Literary References

The marshes, coastline and flat landscape have inspired many authors and artists.

A few are listed below.

Daniel Defoe

From 1724-1726,  Author of Robinson Crusoe, Daniel Defoe travelled the Country recording his trek in "Tour through the whole island of Great Britain". His remarks on Burnham and the Dengie Hundred were limited to ' the strange decay of sex' with an explanation that many men had numerous wives who they took from the uplands but the wives rarely survived in the fog and damps of the marshland and died within a year or so at which the men just went back to the uplands and got another wife

 Alfred Hitchcock 

Alfred Hitchcock was born and brought up in the East End. When asked, by the Times Newspaper, the inspiration for his atmospheric films he cited his experience from a Visit to Burnham on Crouch on a grey November day when the gulls circled above

Would North by North West, Psycho or the Birds have been made without the inspiration of a visit to Burnham on Crouch?

 H G Wells

In his classic book War of the Worlds HG Wells used the area as a setting for his Martian invasion.

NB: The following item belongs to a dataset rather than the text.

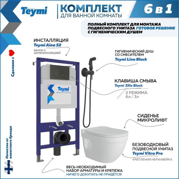 1216389 Комплект «Готовое решение» для установки инсталляции с подвесным унитазом включает: -- инсталляция TEYMI AINA 52 T70011 – монтажная рама из стального профиля толщиной 1.5 мм увеличенной ширины 52,5 см с дополнительными вертикальными усиливающими стойками, что позволяет выдерживать нагрузки до 400 кг; -- клавиша смыва TEYMI ELLIE T70023BM, цвет ЧЕРНЫЙ МАТОВЫЙ; -- унитаз подвесной TEYMI VITRA PRO T40806; -- быстросъёмное сиденье с микролифтом; -- смеситель с гигиенической лейкой TEYMI LINA, черный матовый T10230; -- полный комплект арматуры для монтажа, включающий в себя уплотнительные кольца и манжеты, трубу смыва, фановый отвод с удлинителем, защитный кожух ревизионного окна с крепежной рамкой, закрывающей панелью и крышкой; -- полный комплект крепежа для установки, а именно: крепеж к стене, шпильки для унитаза, крепежная рамка, соединительные шпильки, толкатели; -- инструкция по установке и обслуживанию. Преимущества комплекта «Готовое решение» для установки инсталляции с подвесным унитазом: -- полная (максимальная) комплектация для установки - больше ничего докупать не придётся; -- все составляющие комплекта идеально подходят друг к другу; -- взаимозаменяемость комплектующих; -- рама покрыта суперпрочной порошковой краской с антикоррозионными свойствами; -- высота рамы может регулироваться с ходом до 20 см с помощью ножек, изготовленных из оцинкованной стали; -- сливной бачок скрытого монтажа изготовлен из современных полимерных материалов и является цельнолитым (бесшовным), что позволяет ему работать без протечек в течение всего периода эксплуатации; -- лёгкость обслуживания сливного бачка достигается благодаря удобному ревизионному окну, скрытому за клавишей смыва; -- клавиша смыва имеет две кнопки и работает в режиме ЭКОНОМ / ПОЛНЫЙ (объёмы смыва 3 / 6 литров); -- смеситель с удобной гигиенической лейкой; -- гарантия на весь комплект составляет 10 лет, а рама прослужит все 50. Комплект «Готовое решение» для установки инсталляции TEYMI AINA 52 с подвесным унитазом TEYMI VITRA PRO T40806 и клавишей TEYMI ELLIE T70023BM в цвете черный матовый c гигиеническим душем TEYMI LINA T10230 подобран специально для того, чтобы покупателям было проще сориентироваться в огромном выборе товаров для ванной комнаты. Оптимальное сочетание инсталляционной системы, клавиши смыва и подвесного унитаза позволит не задумываясь сделать правильный выбор. Инсталляция для подвесного унитаза от известного финского бренда TEYMI предназначена для оборудования санузлов и выгодно отличается своей надёжностью и простотой установки. Уважаемые покупатели, обращаем ваше внимание на то, что система инсталляции TEYMI AINA 52 может быть также укомплектована другими клавишами смыва или подвесными унитазами от бренда TEYMI (вы легко сможете найти их на этом сайте по указанным артикулам). Предлагаем вам рассмотреть варианты сочетания со следующими клавишами: : HELMI хром T70202CH : HELMI черная T70203BM : HELMI белая T70018WM : LINA хром T70102CH : LINA черная T70103BM : LINA белая T70019WM : AINA хром T70012CH : AINA черная T70013BM : AINA белая T70020WM : KATI хром T70701CH : KATI черная T70702BM : KATI белая T70021WM : ELLIE хром T70022CH : ELLIE черная T70023BM : ELLIE белая T70024WM Также просим обратить взгляд на наши лучшие безободковые подвесные унитазы: : SOLLI T40201 : LINA S T40102 : HELMI S T40302 : HELMI VORTEX T40303 : IVA T40601 : ELLIE T40802 : LINA MEDIA T40105 : LORI T40501 : KATI T40701 : HANNA PRO T40901 : HELMI S BLACK T40302MB : VITRA PRO T40806 : VITRA T40804 : DEMI T40208 : LINA VORTEX T40110 : RITTA T40809 : LINA PRO T40106

" Then far away beyond the Crouch, came another striding over some stunted trees, and then yet another still farther off wading deeply through a shiny mud flat half way up between sea and sky. By midday they passed through Tillingham, which strangely enough seemed silent and deserted, save for a few furtive plunderers hunting for food. Near Tillingham they suddenly came into sight of the sea, and the most amazing crowd of shipping of all sorts that it is possible to imagine."